The idea behind an electron microscope is that electrons, which we usually first learn to be "particles", have also wavelike properties due to quantum mechanics. As light, which is nothing else than electromagnetic waves with wavelengths of between about 400 and 800 nm (nano-meters) our eyes are sensitive too, is described by a wave equations, which can be derived from Maxwell's equations, within quantum theory electrons are described by a wave equation, the Schrödinger equation.
The same math that explains, how the rules of geometrical optics follow from wave optics based on Maxwell's equations, also explains the particle aspects of the electrons.

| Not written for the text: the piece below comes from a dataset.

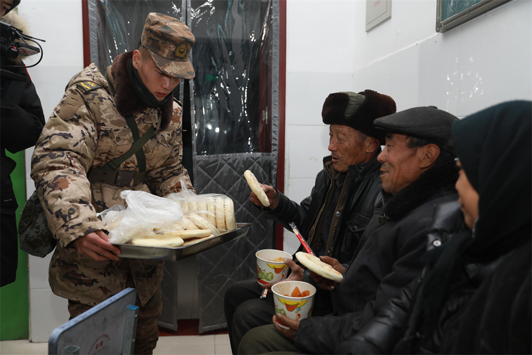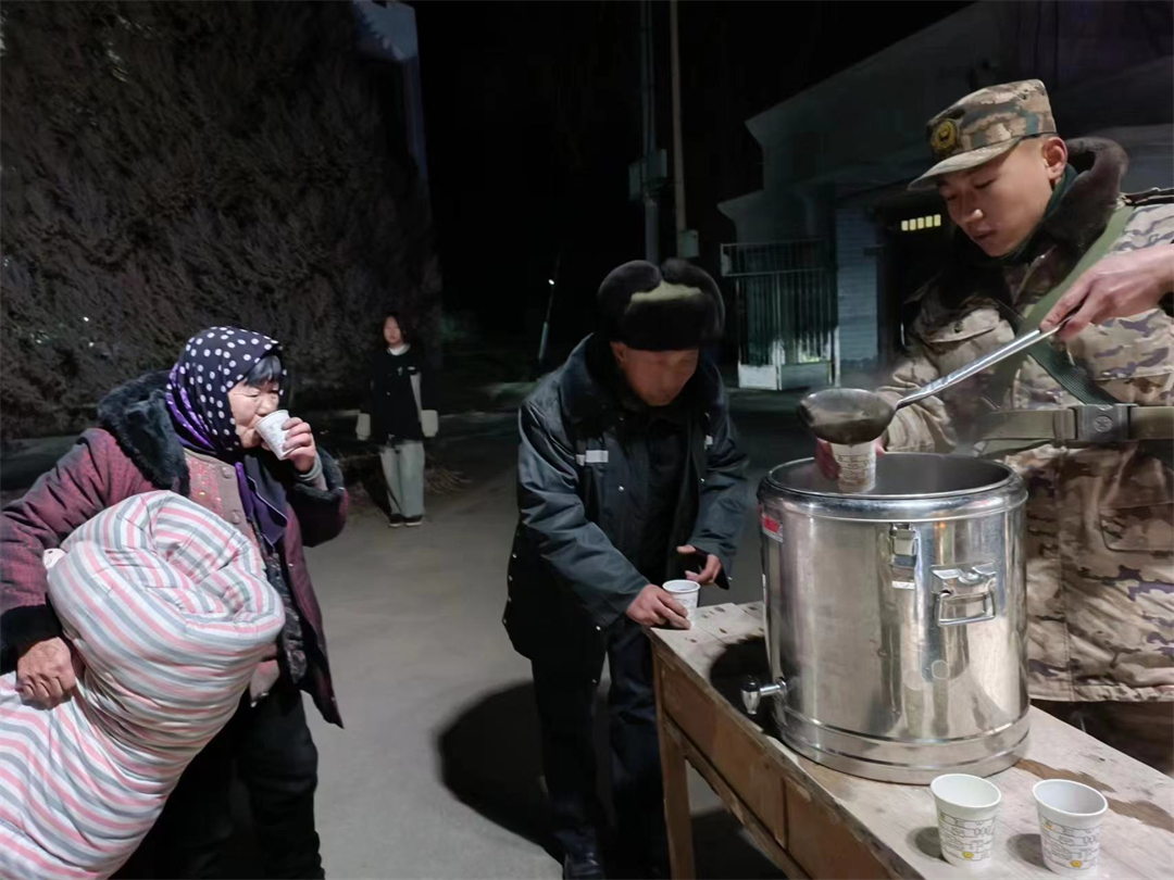 20余名炊事員搭鍋支灶,制作熱食。同時,他們還第一時間為群眾熬制熱姜湯,驅(qū)寒保暖。經(jīng)過兩個多小時忙碌,熱氣騰騰的羊肉粉湯做熟了,配上熱乎乎的餅子,200余名群眾吃上災(zāi)后第一頓熱乎飯。

Since electrons carry electromagnetic charge (one negative elementary charge) you can deflect them with electric and magnetic fields, and you can tailor your fields such that they act like lenses do for light.
The advantage of electron microscopes compared to optical ones is that it is easy to manipulate electrons which have a much smaller wave length. This is important, because the wave length is also a measure for the ability to resolve small structures, i.e., the smaller structures you want to observer the higher resolution you need and thus you need waves with low wave length.
Electromagnetic waves of shorter wave lengths are UV-, X-, and finally ##\gamma## rays, but the electromagnetic radiation of such shorter wave lengths is not easily manipulated, because they just go through the material pretty unaffected and thus it is hard to construct lenses for them.
For electrons it's easier, because to get short wavelengths you just need electrons with higher momenta (larger velocities, because ##p=m v##). The Einstein-de Broglie formula then tells you that the wave length of electrons with a momentum ##p## is ##\lambda=h/p##, where ##h## is Planck's quantum of the action, ruling quantum physics. Further, as already mentioned above, you can use electric and magnetic fields as lenses for the electron waves, and this enables to construct electron microscopes using indeed ideas very similar to optics, enabling in this way pictures which can resolve much smaller structures than with an optical microscope.